Walking into Philadelphia Record Exchange on 5th by South Street is something of a meta experience; there's almost too much to take in at once. Painted white walls are plastered with vintage vinyls and psychedelic prints casting down on an overwhelming stock of second-hand LPs and CDs. Go upstairs or downstairs and find the same madness, shelves filled from floor to ceiling. It's an ordered chaos, where the three floors and five rooms are a shrine to everything holy, unknown and just plain bizarre in music worshipdom.

"It's like a submarine, just trying to make use of every inch of space," says store manager Tony Vogdes. Vogdes has worked at the Record Exchange for the last 15 years, roughly four years after the store opened in 1986, and oversees its inventory. While he can't give an exact figure for the number of CDs he carries, he estimates about 30,000 vinyls waiting for a new home. The process is simple: You have music, you come to Tony Vogdes. Tony Vogdes buys it from you and sells it (hence the "exchange"). Within the last few years the store has even put merchandise on eBay, where some 30 to 50 items float on the site each day.

Genres are separated by room and categorized alphabetically. CDs are all on the first floor and run around $9. Most LPs range anywhere from $3 to $10 -- most cost $5 or $6, but rarer ones like the Beatles' Revolver or early Led Zeppelin go up to $15. Not surprisingly, Vogdes sells substantially more vinyls than CDs.

While even the most obscure tastes are easily satisfied here, Philadelphia Record Exchange also houses the largest rock inventory in Center City.

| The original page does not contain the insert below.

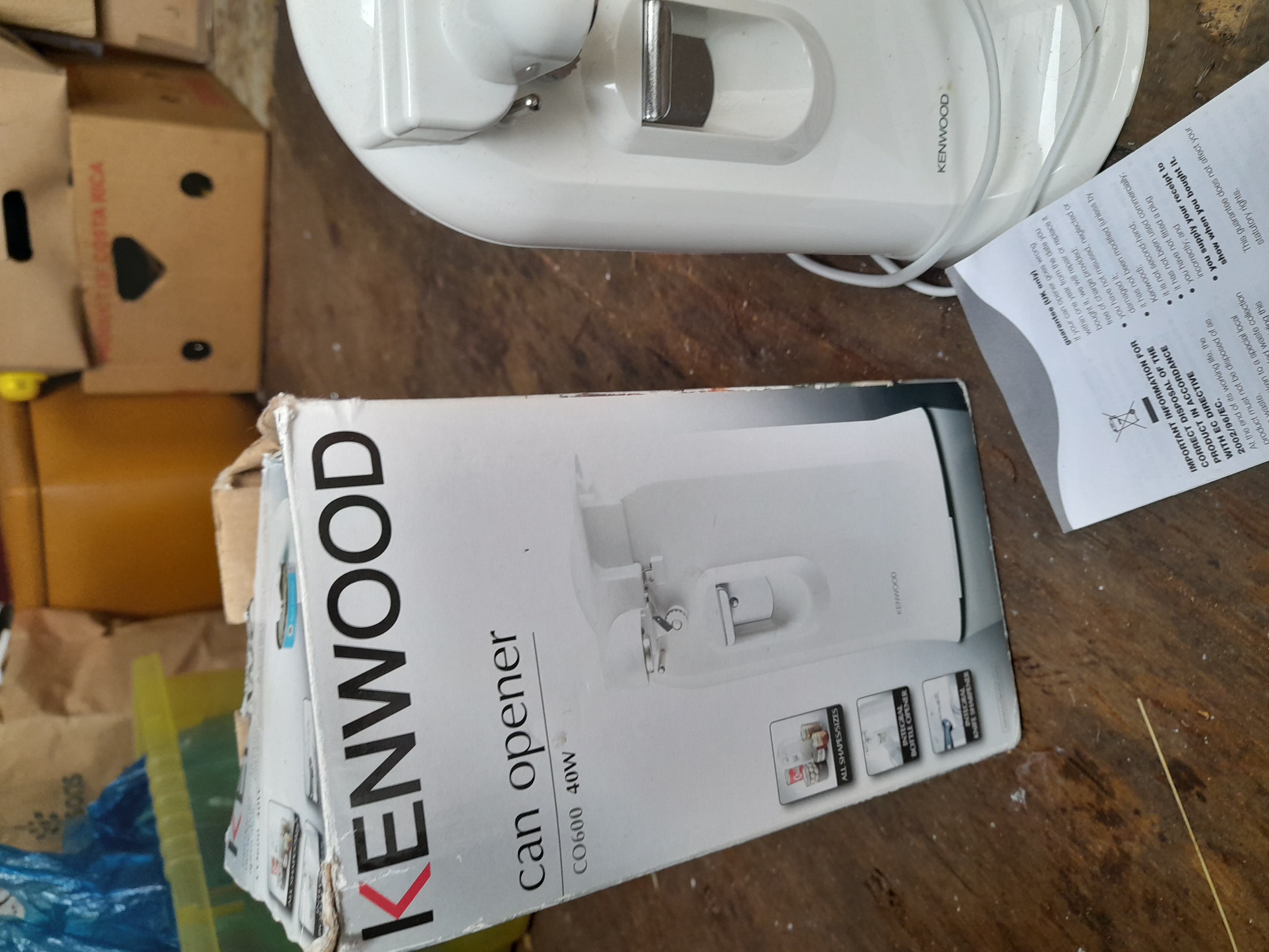 A white Kenwood CO600 40W electric can opener accompanied by its original cardboard packaging and instructional documentation.

Rock and jazz are the two largest genres in the store, but overall Vogdes says he sells more jazz and R&B. Vogdes recently started inviting local artists to peform in the store's basement and solicited customers via email to attend. "Why don't we have people perform here, we're just hanging out drinking beers anyway," he said, "If people aren't coming in to buy stuff we might as well have fun." But people are in fact coming and buying. Few other locales in Philly can match this sundry stock of retro rhythms -- just be ready to dig. "It's not a good store to walk into and ask for something. The bulk of our customers are down for the hunt." Groovy.